Considering environmental factors, death at a cancer centre and death at a hospital with MOD were associated with higher risk of receiving ACCEoL. These findings might be due to higher complexity of cases treated in cancer centres or easier access to antineoplastic treatments and clinical trials when MOD exists at the hospital of admission. On the other hand, and in contrast with what literature reports,28 our study showed no association of availability of hPCS and reduction of ACCEoL. This result might be influenced by the fact that hospitals with hPCS are often those with a case mix of more complex patients, with higher risk of ACCEoL. It also may be because hPCS effect was measured at a hospital-level, since the HMD did not provide individual data on hPCS intervention (we could only measure the existence of hPCS at the hospital where a given patient died). Moreover, late referral or limited human resources in hPCS could hinder their impact on ACCEoL. There was no effect of region-level characteristics on ACCEoL, as opposed to other studies.7

This is a robust nationwide study that used multivariate methods to control for confounders at different levels. However, the use of routinely-collected data generated for administrative purposes does not allow to conclude to what extent the ACCEoL was adequate or inadequate for each individual, as the HMD does not contain the cause of death or the setting of the anticancer treatment (curative vs palliative). To overcome this limitation, we planned the subgroup analysis of metastatic disease as a sensitivity analysis, since the treatment intent in these patients is mostly palliative. We expanded the Earle et al’s framework,6 but emergency department visits were not included in this study, thus the prevalence of ACCEoL could be even higher than we estimated (measurement bias). In contrast, the study was restricted to people who died in hospital, who are likely to receive higher ACCEoL than those who died elsewhere (selection bias).

Conclusions

This study unravelled important data on ACCEoL and associated risk factors, expanding the earlier framework for measuring ACCEoL. We confirmed that clinical factors related with a better understanding of disease course are associated with ACCEoL reduction.
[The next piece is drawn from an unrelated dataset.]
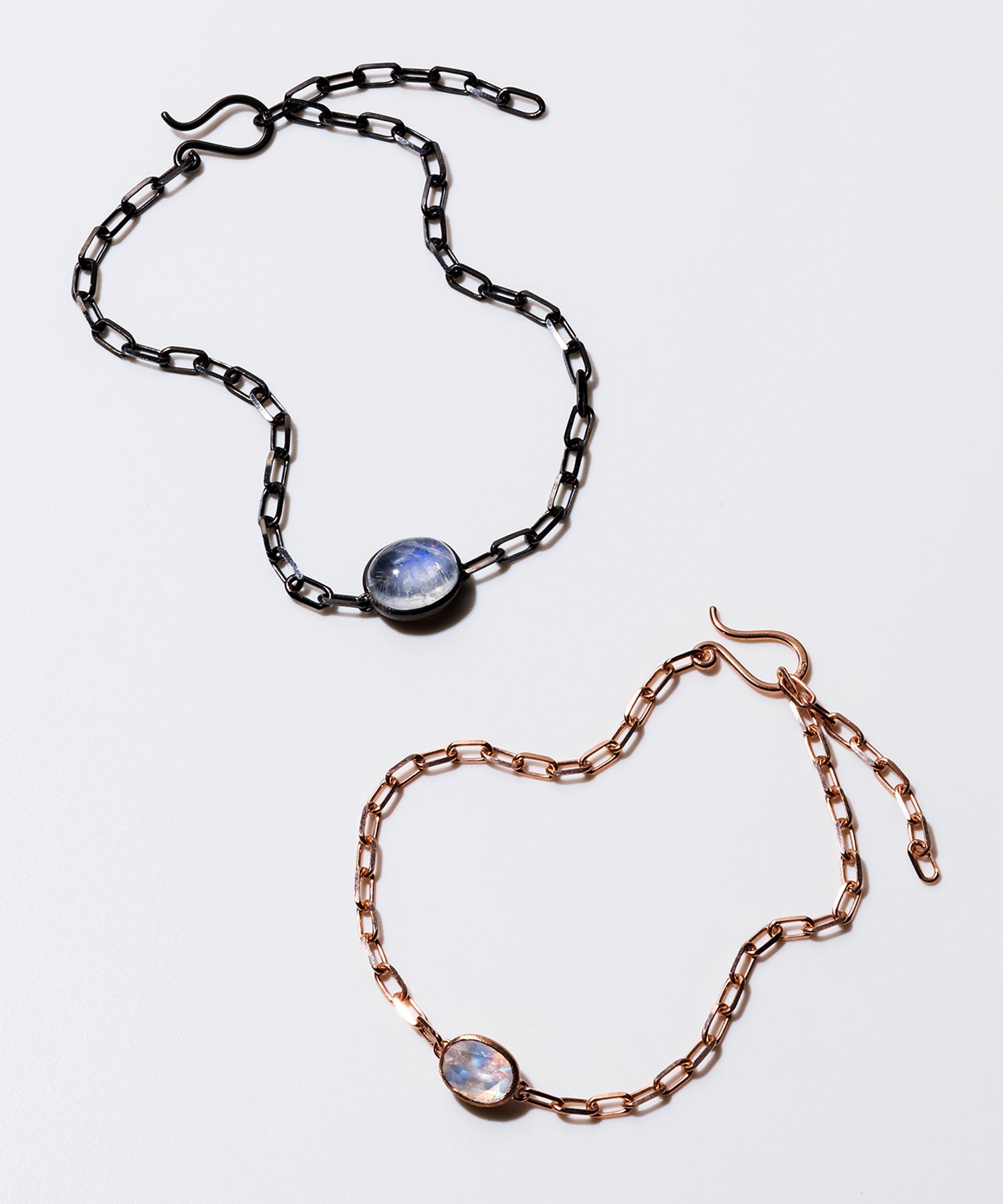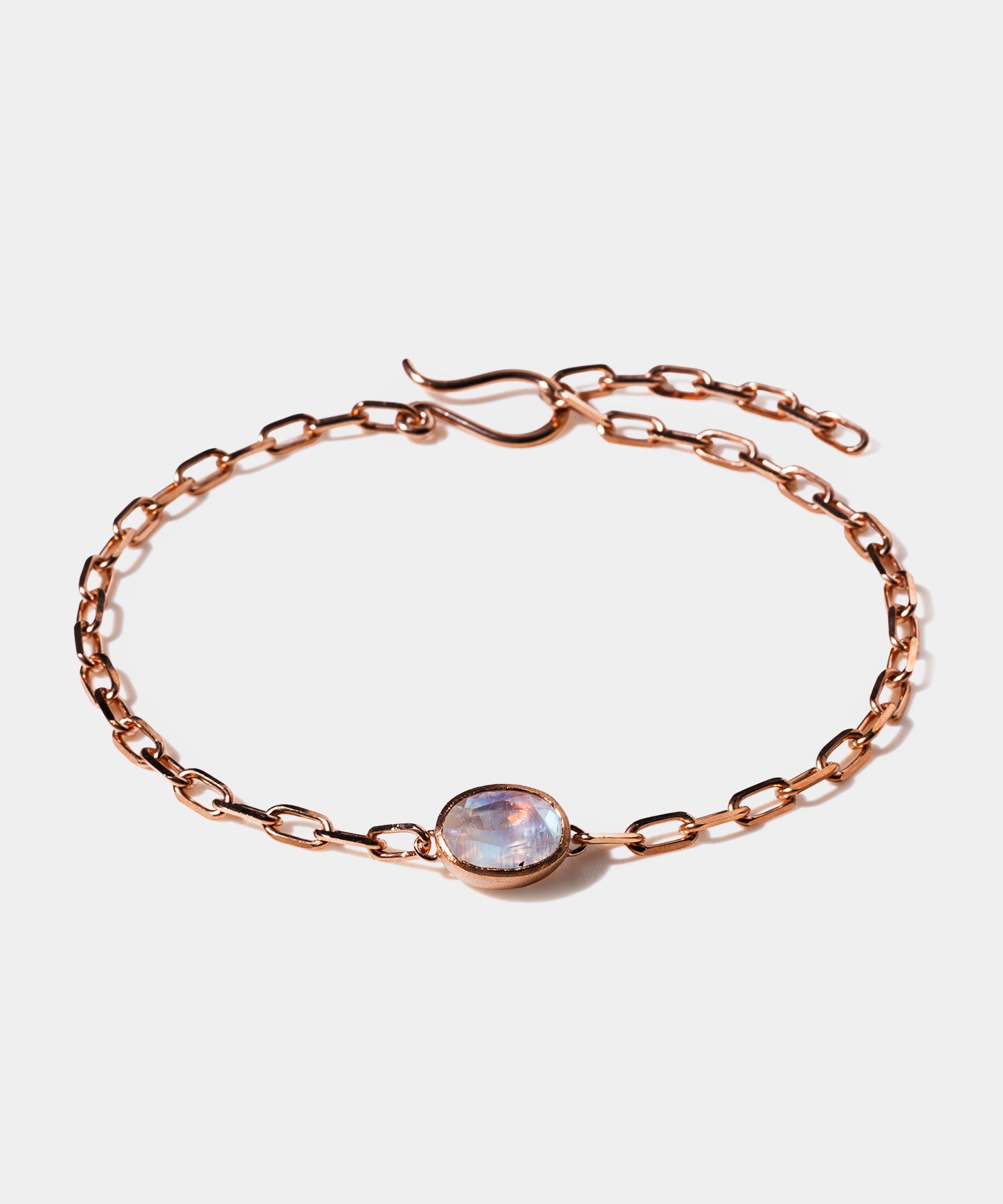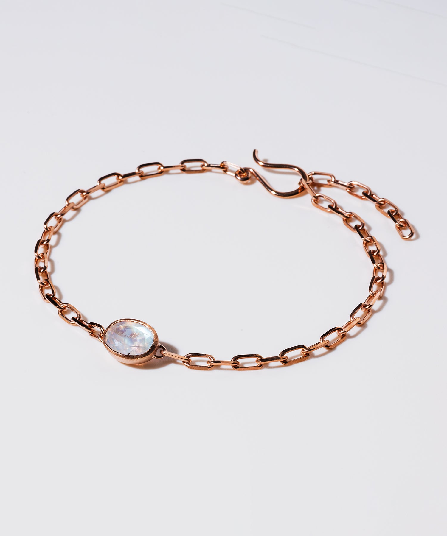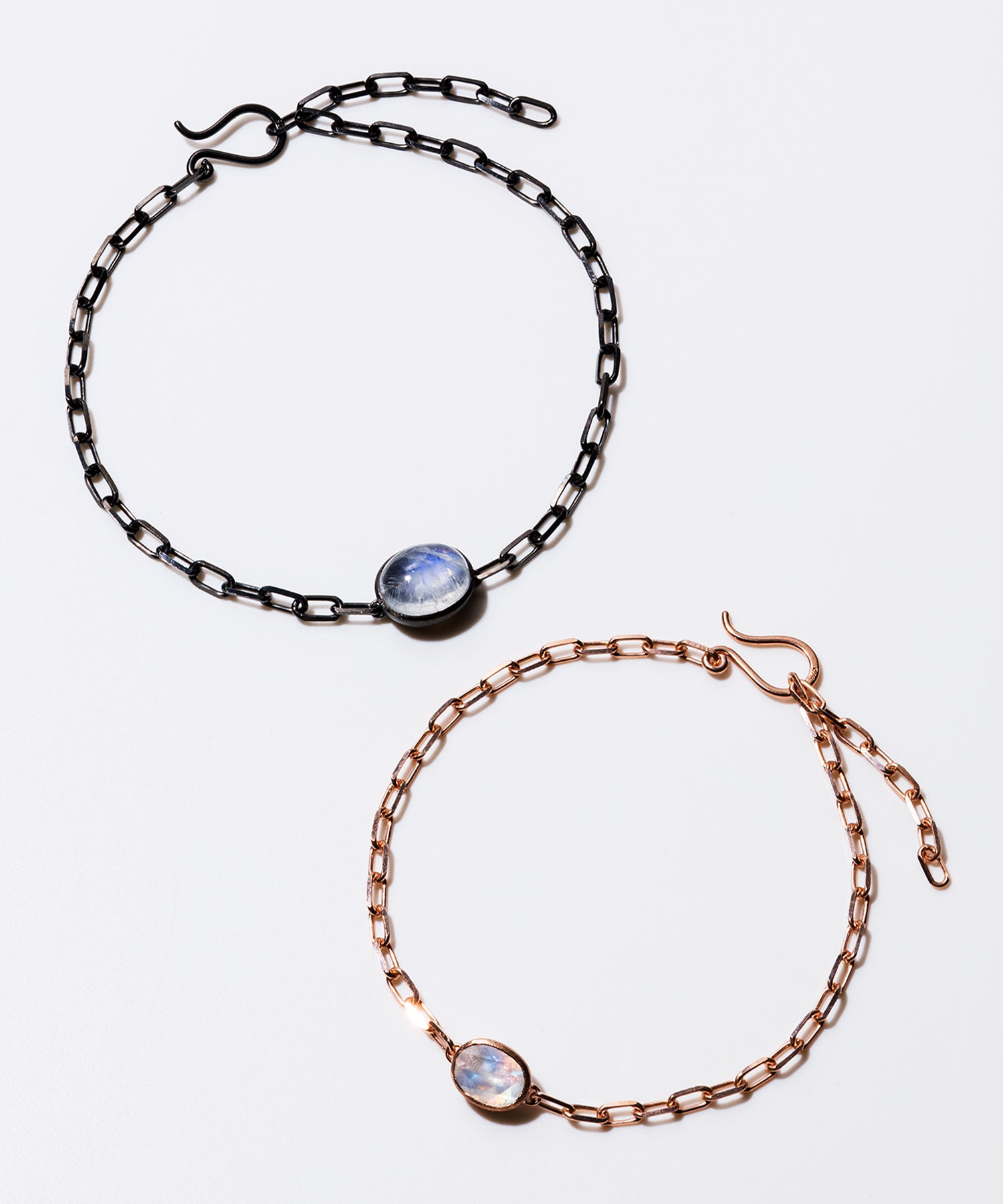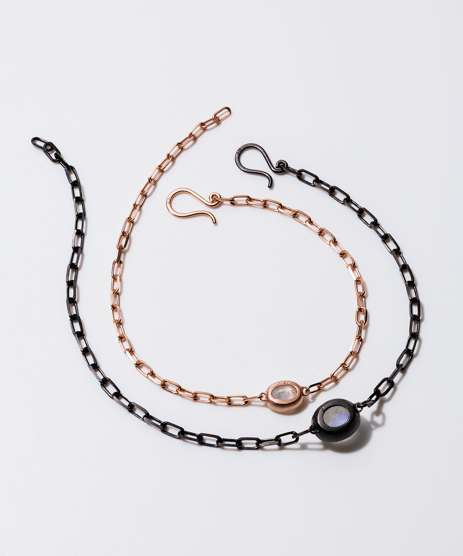 光に当てると様々な表情を見せてくれる「レインボームーンストーン」。自然が織り成すインクルージョンは一つ一つの個性として輝きを放ちます。クリスマススペシャルギフトとして、シラー効果が美しいレインボームーンストーンをセットした、シックでラグジュアリー感あふれるペアブレスレットを数量限定で10点ご用意しました。レディースは、甘くやさしいピンクがかった色味が日本人の肌にしっくり馴染むことで人気のピンクゴールドを使用しています。

In contrast, we identified groups of patients at increased risk for ACCEoL such as patients with more comorbidities, gastrointestinal and haematological malignancies. Therefore, clinicians should seek for better integration of prognostic estimations with adequate timing for anticipated discussion of patients and families’ preferences and expectations, particularly within the high-risk groups identified by our study. Efforts should be made for empowerment and reinforcement of the growing number of hospital and home PCS, with human resources, earlier referral and integration into a comprehensive cancer care plan, mainly in cancer centres and hospitals with MOD. The study recognised need for further research on the impact of the social and clinical community support on hospitalisation rates, determinants for surgery procedure, management of haematological malignancies at the EoL, and higher ACCEoL in patients who deceased at cancer centres or hospitals with MOD.